Data records
::::

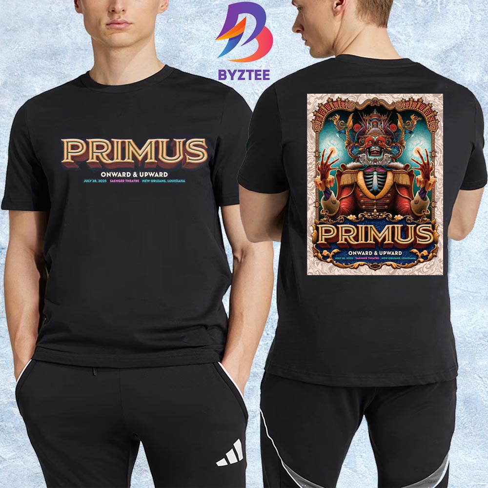 Details about this: Primus New Orleans 2025 Onward And Upward Tour Poster Tonight Show At Saenger Theatre In Louisiana On July 28 2025 Two Sided Essential T-Shirt
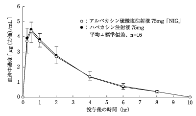 健康成人にアルベカシン硫酸塩200mg(力価)を1時間かけて点滴静注したときの血清中濃度は、図1のとおりで、薬物動態パラメータは、表1のとおりであった。また、75mg(力価)又は100mg(力価)を1時間かけて点滴静注又は筋注したときの薬物動態パラメータは、表1のとおりであった1),2),3),4)。
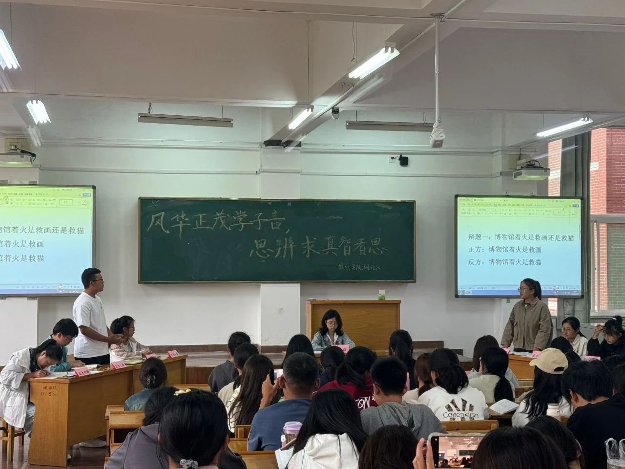 本次比赛双方辩手围绕两个辩题“博物馆着火救画还是救猫”和“21世纪青年做加法更幸福还是做减法更幸福”展开辩论。
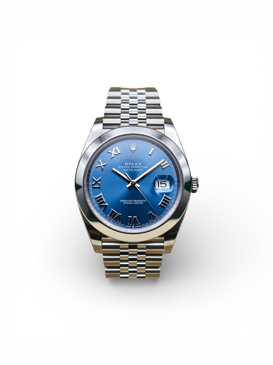 This Rolex Datejust 41 126300 has a blue roman numeral dial and a bracelet strap. This Rolex has undergone a thorough inspection of water resistance, accuracy, functionality and condition to determine the level of reconditioning required to meet our strict standards. It has also been referenced against technical documents and manufacturer records where available to ensure authenticity and a clean history. Our watches have a 24-month warranty for your peace of mind, in conjunction with any remaining manufacturer’s warranty from new or from service. To maintain the manufacturer’s warranty on this watch, it has not been polished in our service centre.
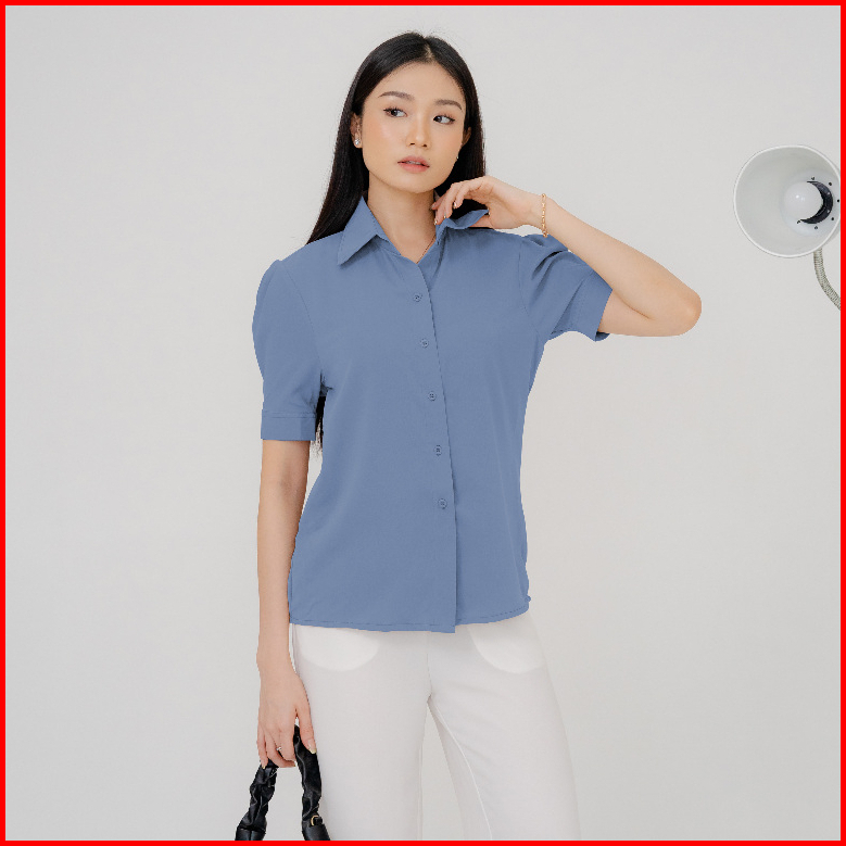 Sunflower Evelyn Shirt Kemeja Kerah Kasual Lengan Pendek Wanita
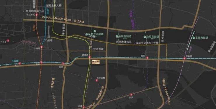 项目比邻地铁8、18号线,8号线可换乘3号线、4号线、11号线(在建中)、12号线(在建中)等。搭乘18号线可实现一站达珠江新城(磨碟沙站·冼村站),南接新光快速、右邻华南快速,速达城市核心区,琶洲港澳客运码头,便捷直达香港国际机场。

::::

WHAT IS REQUIRED
A faithful, word-for-word version of the records above is needed, with no images in it.

YOUR SOLUTION
 Details about this: Primus New Orleans 2025 Onward And Upward Tour Poster Tonight Show At Saenger Theatre In Louisiana On July 28 2025 Two Sided Essential T-Shirt
 健康成人にアルベカシン硫酸塩200mg(力価)を1時間かけて点滴静注したときの血清中濃度は、図1のとおりで、薬物動態パラメータは、表1のとおりであった。また、75mg(力価)又は100mg(力価)を1時間かけて点滴静注又は筋注したときの薬物動態パラメータは、表1のとおりであった1),2),3),4)。
 本次比赛双方辩手围绕两个辩题“博物馆着火救画还是救猫”和“21世纪青年做加法更幸福还是做减法更幸福”展开辩论。
 This Rolex Datejust 41 126300 has a blue roman numeral dial and a bracelet strap. This Rolex has undergone a thorough inspection of water resistance, accuracy, functionality and condition to determine the level of reconditioning required to meet our strict standards. It has also been referenced against technical documents and manufacturer records where available to ensure authenticity and a clean history. Our watches have a 24-month warranty for your peace of mind, in conjunction with any remaining manufacturer’s warranty from new or from service. To maintain the manufacturer’s warranty on this watch, it has not been polished in our service centre.
 Sunflower Evelyn Shirt Kemeja Kerah Kasual Lengan Pendek Wanita
 项目比邻地铁8、18号线,8号线可换乘3号线、4号线、11号线(在建中)、12号线(在建中)等。搭乘18号线可实现一站达珠江新城(磨碟沙站·冼村站),南接新光快速、右邻华南快速,速达城市核心区,琶洲港澳客运码头,便捷直达香港国际机场。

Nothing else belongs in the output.